Just a little after 6 a.m. on September 1st, the Argo had spotted the Titanic’s debris some 230 miles south off the coast of Nova Scotia. Remnants of the legendary ship had finally been seen after more than 70 years hidden beneath the depths.

Before Ballard had the time to dedicate his search efforts to the Titanic, he was on the hunt for the USS Thresher and USS Scorpion. The Navy had suspected that the Soviets had sunk the Scorpion. Higher-ups in the Pentagon also wanted to figure out if the nuclear reactors were leaking any radioactive material or if they were looted.

What happened to the nuclear submarines? 

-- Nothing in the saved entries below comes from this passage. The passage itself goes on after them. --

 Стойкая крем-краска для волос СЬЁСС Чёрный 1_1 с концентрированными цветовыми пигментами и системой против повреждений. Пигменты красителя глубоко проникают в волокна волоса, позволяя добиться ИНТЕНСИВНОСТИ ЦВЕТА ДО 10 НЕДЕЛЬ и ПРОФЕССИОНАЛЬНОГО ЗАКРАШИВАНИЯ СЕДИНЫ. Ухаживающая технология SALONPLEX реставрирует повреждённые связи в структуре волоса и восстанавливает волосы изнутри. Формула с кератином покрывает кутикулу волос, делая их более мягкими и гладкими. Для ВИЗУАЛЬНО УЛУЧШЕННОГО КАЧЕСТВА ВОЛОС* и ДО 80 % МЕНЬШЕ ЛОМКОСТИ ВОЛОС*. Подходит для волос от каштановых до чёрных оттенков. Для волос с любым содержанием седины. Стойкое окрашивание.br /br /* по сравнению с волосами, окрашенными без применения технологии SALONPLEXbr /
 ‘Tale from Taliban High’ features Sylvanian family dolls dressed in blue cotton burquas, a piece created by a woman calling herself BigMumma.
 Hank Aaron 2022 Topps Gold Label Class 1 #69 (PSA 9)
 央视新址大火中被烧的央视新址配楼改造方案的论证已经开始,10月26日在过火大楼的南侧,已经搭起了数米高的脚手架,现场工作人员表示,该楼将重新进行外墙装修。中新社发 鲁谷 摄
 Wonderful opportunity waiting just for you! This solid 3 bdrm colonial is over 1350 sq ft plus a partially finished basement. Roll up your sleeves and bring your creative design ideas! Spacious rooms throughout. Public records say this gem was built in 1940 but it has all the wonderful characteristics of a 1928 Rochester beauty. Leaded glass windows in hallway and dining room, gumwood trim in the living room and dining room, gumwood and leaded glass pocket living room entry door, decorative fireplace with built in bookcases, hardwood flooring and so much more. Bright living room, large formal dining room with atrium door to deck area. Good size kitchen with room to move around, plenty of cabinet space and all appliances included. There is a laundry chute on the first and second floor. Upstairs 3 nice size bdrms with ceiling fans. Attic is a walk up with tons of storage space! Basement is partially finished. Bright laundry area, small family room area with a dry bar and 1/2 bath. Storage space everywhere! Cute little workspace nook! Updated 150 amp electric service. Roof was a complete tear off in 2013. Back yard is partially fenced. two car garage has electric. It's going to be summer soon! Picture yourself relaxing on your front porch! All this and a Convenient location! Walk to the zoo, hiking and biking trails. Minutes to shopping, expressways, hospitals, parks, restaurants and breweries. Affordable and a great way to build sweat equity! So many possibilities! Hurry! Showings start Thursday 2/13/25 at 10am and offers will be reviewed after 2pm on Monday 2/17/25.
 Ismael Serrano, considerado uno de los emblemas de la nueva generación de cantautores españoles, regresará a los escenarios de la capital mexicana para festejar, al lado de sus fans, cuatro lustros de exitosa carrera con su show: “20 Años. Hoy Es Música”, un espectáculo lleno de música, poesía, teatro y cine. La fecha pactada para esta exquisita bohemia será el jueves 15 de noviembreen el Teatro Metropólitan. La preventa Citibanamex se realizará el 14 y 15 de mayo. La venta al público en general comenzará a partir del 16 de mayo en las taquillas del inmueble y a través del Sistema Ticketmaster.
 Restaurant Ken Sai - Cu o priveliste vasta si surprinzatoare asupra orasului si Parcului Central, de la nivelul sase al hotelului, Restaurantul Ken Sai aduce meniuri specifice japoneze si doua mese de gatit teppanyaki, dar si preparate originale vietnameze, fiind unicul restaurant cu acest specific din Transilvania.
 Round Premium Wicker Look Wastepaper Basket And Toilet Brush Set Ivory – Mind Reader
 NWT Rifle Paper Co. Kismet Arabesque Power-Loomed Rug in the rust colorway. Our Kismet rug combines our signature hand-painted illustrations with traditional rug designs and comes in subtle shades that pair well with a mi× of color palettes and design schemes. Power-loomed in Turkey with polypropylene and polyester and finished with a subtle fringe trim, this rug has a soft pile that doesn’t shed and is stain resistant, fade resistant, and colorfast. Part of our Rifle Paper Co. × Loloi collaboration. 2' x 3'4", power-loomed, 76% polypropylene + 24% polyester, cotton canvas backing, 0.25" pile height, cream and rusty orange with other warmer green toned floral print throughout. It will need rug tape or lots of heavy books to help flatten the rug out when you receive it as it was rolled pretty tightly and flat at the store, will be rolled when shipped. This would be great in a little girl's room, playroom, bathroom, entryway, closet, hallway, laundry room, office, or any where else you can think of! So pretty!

The Thresher sank during a round of deep-diving trials. The Navy had assumed there wasn’t any foul play suspected. But the Scorpion was a different matter entirely. They had reason to believe that the Scorpion was targeted by the Soviets and that the nuclear material might have been removed from the sunken sub. Although, when the Scorpion was finally found, further inspection showed there were no breaks in the hull, which would have suggested an attack. A follow-up covert mission the next year checked to see if any of the radioactive material had spread. There was no such findings.

Searching for the submarines did bear fruit for Ballard’s eventual Titanic mission, who stated:

What I discovered when I was mapping the Scorpion was that when it imploded, the current carried away the lighter material… I gambled that the same thing happened to the Titanic, and I thought, ‘Let’s not look for the Titanic. Let’s look for stuff that would have come off of it.’

The Cold War mission is told in even more detail in the latest National Geographic’s newest Titanic display. It also includes stories about the men and women that survived the tragic catastrophe.